This is probably old news to most Americans, but I’ve been in China for the last two years so I’m not very accustomed to the new banknotes. And seriously? The new 100-dollar bill is weird. I mean … the COLORS! The blue! The orange! They’re supposed to be green. That’s what makes American money so special and wonderfully confusing to foreigners: they’re all the same size and all the same color – green.
Can you still call them greenbacks or lettuce if they’re now multi-colored? Well I guess we call them ‘dead presidents’ even though Alexander Hamilton and Benjamin Franklin weren’t presidents, so like practically everything else with the English language … why not? I know the craziness is due to anti-counterfeit measures, but it’s still weird to see something so established change. THEY SHOULD BE GREEN! Sigh.
After calming down from the shock of color (id est, colors other than green), I noticed that the two c-notes were stamped on the back with a blue mark in Arabic. A US note from a Chinese bank with an Arabic stamp? Huh?
After a bit of online Googling, I found out that it’s called a ‘chop mark’ and is still fairly common for currency circulating abroad, especially in the Middle East and Asia. Basically it’s a little stamp that someone (a private person or money trader, not the government) uses to indicate authenticity so they don’t have to constantly re-check if it’s real or not. Interesting, eh? In all my life in the States I’d never seen one, but then again, I never did handle many 100-dollar notes.
So I guess at some point these two Benjamins made their way through the Middle East. Ah, the curious travels of US cash.
October 1st was National Day, for which we got a one-week holiday as one of China’s two Golden Weeks. But that’s over and done with, and now it’s work work work. So here’s a picture of money. It’s Mao! Because this is why all of China basically shut down for a week and why we’re all back to toiling away.
Red Maos are the 100 RMB banknote in China, and even though they’re the highest-denomination note, they’re worth less than 20 USD. Credit cards are becoming more widely used, but cash is still more widely used, especially among older people. Which is super annoying because you end up carrying a fair number of bills and it just feels oh so sketchy. Or worse, you end up stuck at the bank waiting behind a line of old ladies with stacks and stacks of bills that need to go through the counting machine. And as opposed to when I was in China three/four years ago, I have yet to encounter a fake bill! Progress!
And in related news: I’m going to be working in Shanghai for at least one more year!
Day 5 of the Chinese New Year extravaganza is dedicated to the God of Wealth. According to Wikipedia, it’s his birthday. And as day 4 turned into day 5, there were a lot of fireworks meant to attract prosperity and good fortune – basically the same situation as three years ago.

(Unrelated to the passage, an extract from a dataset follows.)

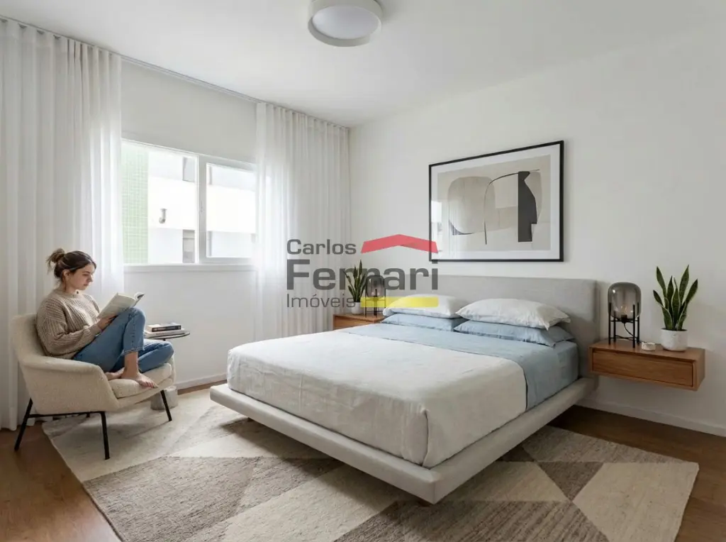 Dormitório espaçoso e funcional: O quarto tem um ótimo tamanho e já conta com armários planejados de qualidade, garantindo espaço suficiente para organizar suas roupas e pertences sem comprometer a circulação.

The fireworks were much more lively and widespread than on New Year’s Eve, partially because by this time people are starting to come back to Shanghai, but mostly because peeps like the dough. Yay money!
Monday was November 11, which is a pretty notable holiday in China. It’s Veterans Day back in the States, but here, November 11 (11/11) is Singles’ Day … also referred to as “Bare Sticks Holiday” (光棍节, guānggùn jié) or “Double Eleven” (双十一, shuāng shíyī). And it’s a big deal. It’s a newer holiday that started out as an anti-Valentine’s Day thing for single people to hang out so it doesn’t really have any traditions … except shopping. You know about Black Friday and Cyber Monday? Well Singles’ Day in China is kinda like that … but Cyber Monday pales in comparison to Singles’ Day.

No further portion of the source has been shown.